■ Your assignment
This exercise calls for retyping every line below exactly, with the images omitted.

■ Collected material
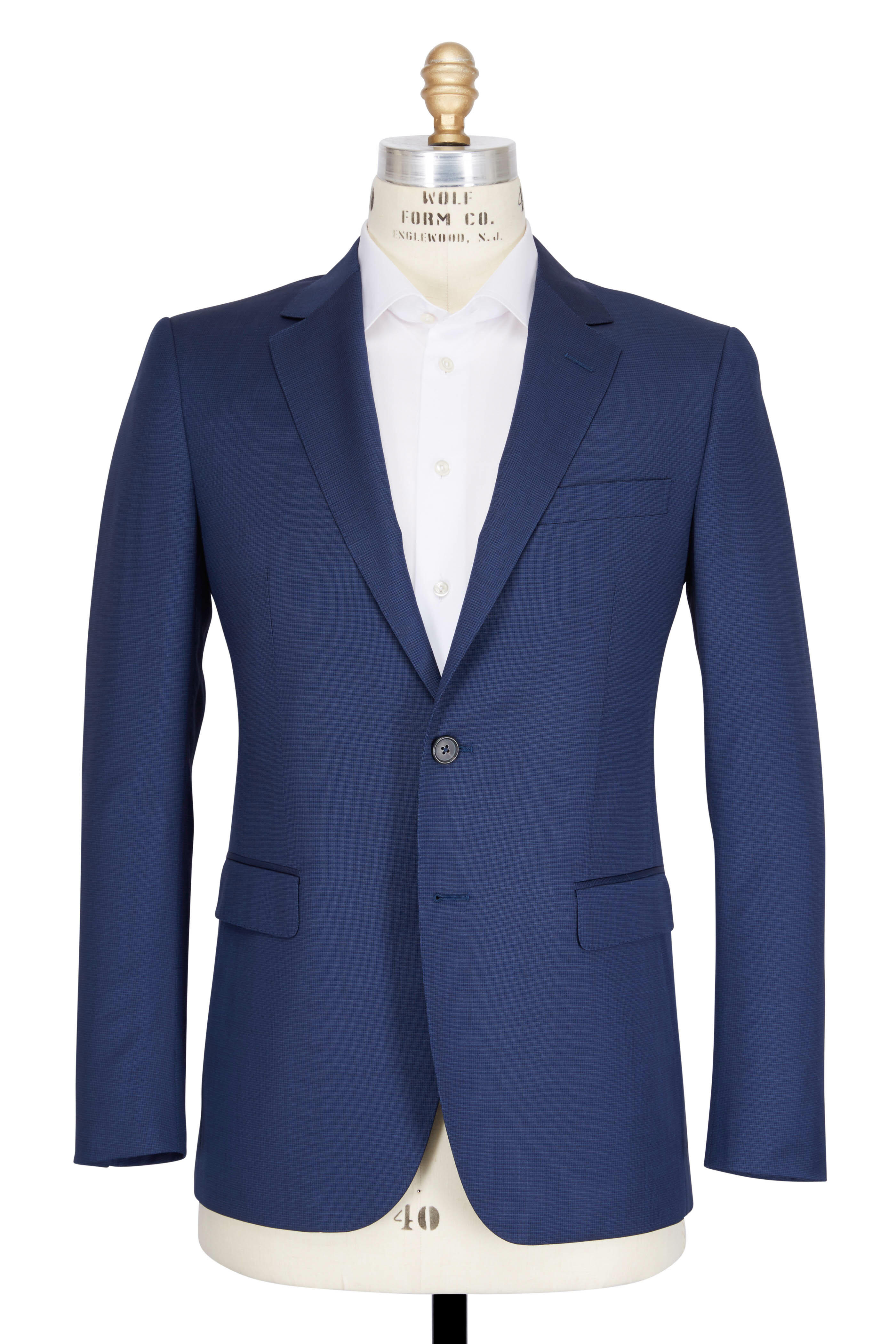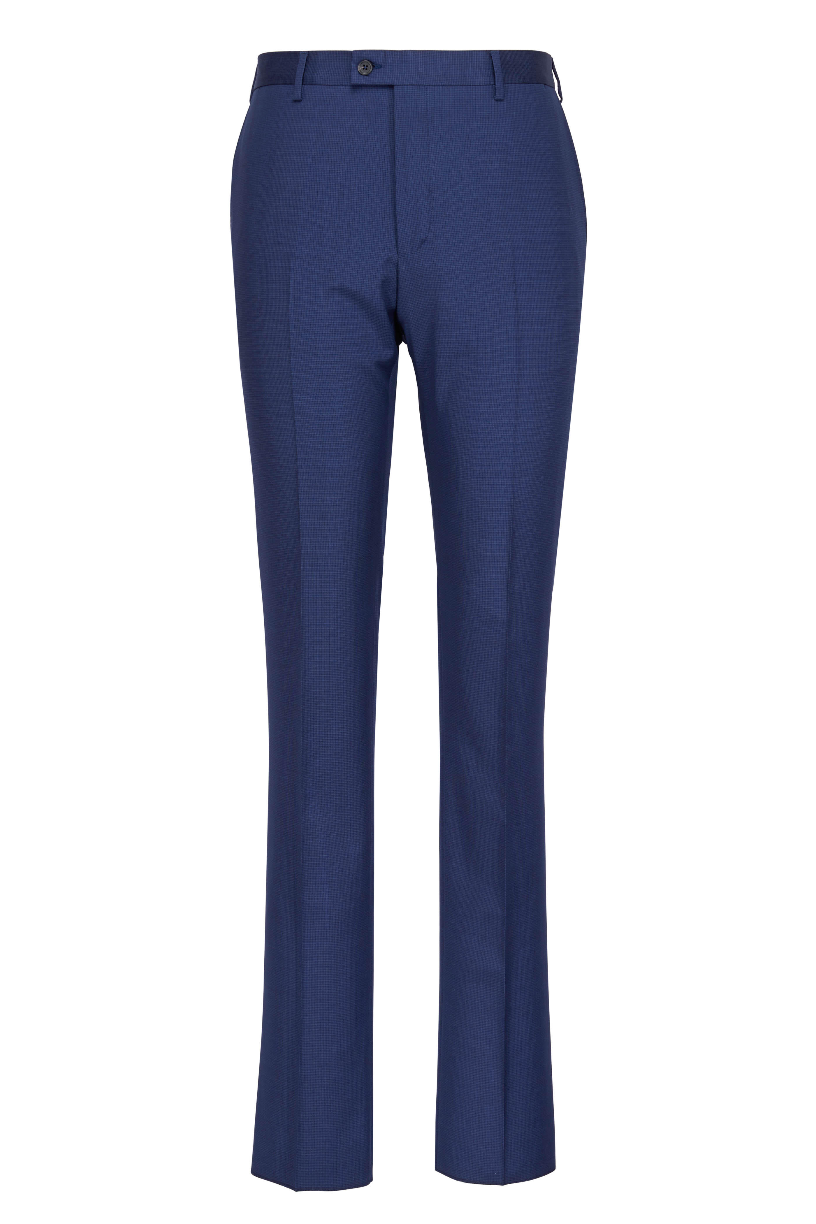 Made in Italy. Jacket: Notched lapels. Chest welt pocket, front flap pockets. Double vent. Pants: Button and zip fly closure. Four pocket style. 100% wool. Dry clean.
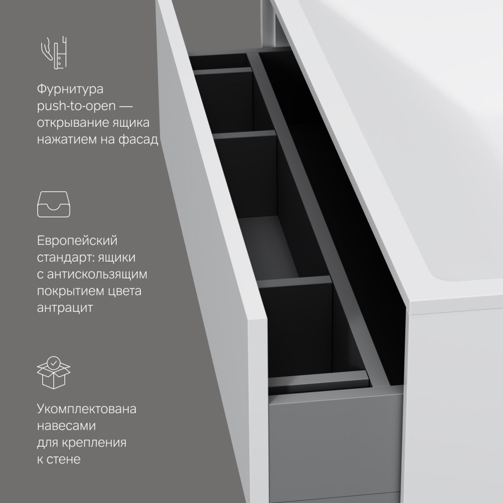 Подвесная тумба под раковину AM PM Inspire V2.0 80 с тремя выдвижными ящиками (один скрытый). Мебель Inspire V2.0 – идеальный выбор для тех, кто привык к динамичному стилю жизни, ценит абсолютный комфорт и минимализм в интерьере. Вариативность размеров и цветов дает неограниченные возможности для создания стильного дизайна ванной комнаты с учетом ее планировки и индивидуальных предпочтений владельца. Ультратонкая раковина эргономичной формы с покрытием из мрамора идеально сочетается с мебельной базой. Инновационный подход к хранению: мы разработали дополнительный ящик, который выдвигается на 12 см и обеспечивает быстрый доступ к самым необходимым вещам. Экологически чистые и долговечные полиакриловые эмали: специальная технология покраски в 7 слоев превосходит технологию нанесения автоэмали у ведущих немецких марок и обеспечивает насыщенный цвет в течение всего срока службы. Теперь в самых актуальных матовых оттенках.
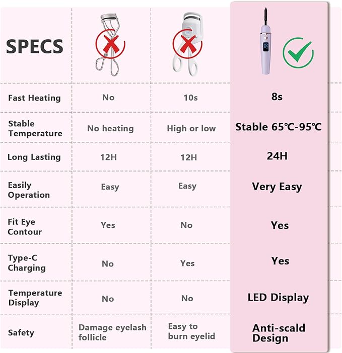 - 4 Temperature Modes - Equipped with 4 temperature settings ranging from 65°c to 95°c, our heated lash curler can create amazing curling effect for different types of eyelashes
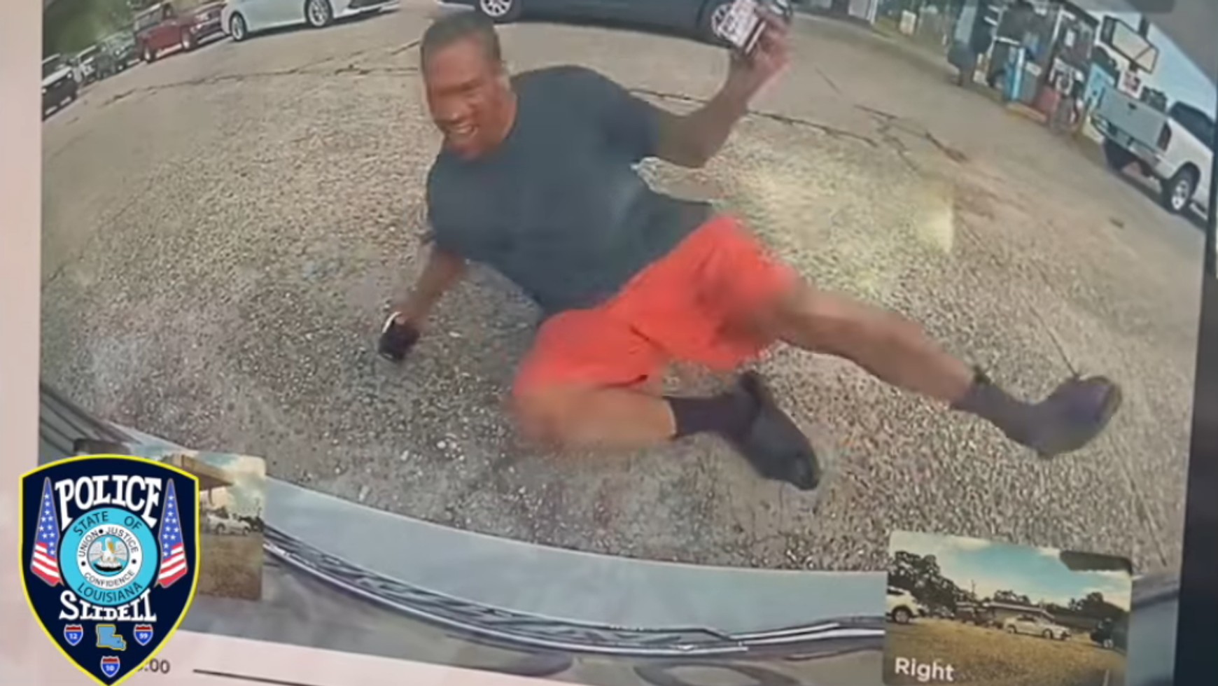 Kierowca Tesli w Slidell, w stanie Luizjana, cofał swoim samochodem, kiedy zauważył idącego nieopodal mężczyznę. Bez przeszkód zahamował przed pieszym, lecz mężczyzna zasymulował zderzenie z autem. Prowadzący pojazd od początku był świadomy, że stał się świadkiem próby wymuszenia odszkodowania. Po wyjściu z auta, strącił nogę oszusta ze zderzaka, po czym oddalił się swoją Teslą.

■ Task output
 Made in Italy. Jacket: Notched lapels. Chest welt pocket, front flap pockets. Double vent. Pants: Button and zip fly closure. Four pocket style. 100% wool. Dry clean.
 Подвесная тумба под раковину AM PM Inspire V2.0 80 с тремя выдвижными ящиками (один скрытый). Мебель Inspire V2.0 – идеальный выбор для тех, кто привык к динамичному стилю жизни, ценит абсолютный комфорт и минимализм в интерьере. Вариативность размеров и цветов дает неограниченные возможности для создания стильного дизайна ванной комнаты с учетом ее планировки и индивидуальных предпочтений владельца. Ультратонкая раковина эргономичной формы с покрытием из мрамора идеально сочетается с мебельной базой. Инновационный подход к хранению: мы разработали дополнительный ящик, который выдвигается на 12 см и обеспечивает быстрый доступ к самым необходимым вещам. Экологически чистые и долговечные полиакриловые эмали: специальная технология покраски в 7 слоев превосходит технологию нанесения автоэмали у ведущих немецких марок и обеспечивает насыщенный цвет в течение всего срока службы. Теперь в самых актуальных матовых оттенках.
 - 4 Temperature Modes - Equipped with 4 temperature settings ranging from 65°c to 95°c, our heated lash curler can create amazing curling effect for different types of eyelashes
 Kierowca Tesli w Slidell, w stanie Luizjana, cofał swoim samochodem, kiedy zauważył idącego nieopodal mężczyznę. Bez przeszkód zahamował przed pieszym, lecz mężczyzna zasymulował zderzenie z autem. Prowadzący pojazd od początku był świadomy, że stał się świadkiem próby wymuszenia odszkodowania. Po wyjściu z auta, strącił nogę oszusta ze zderzaka, po czym oddalił się swoją Teslą.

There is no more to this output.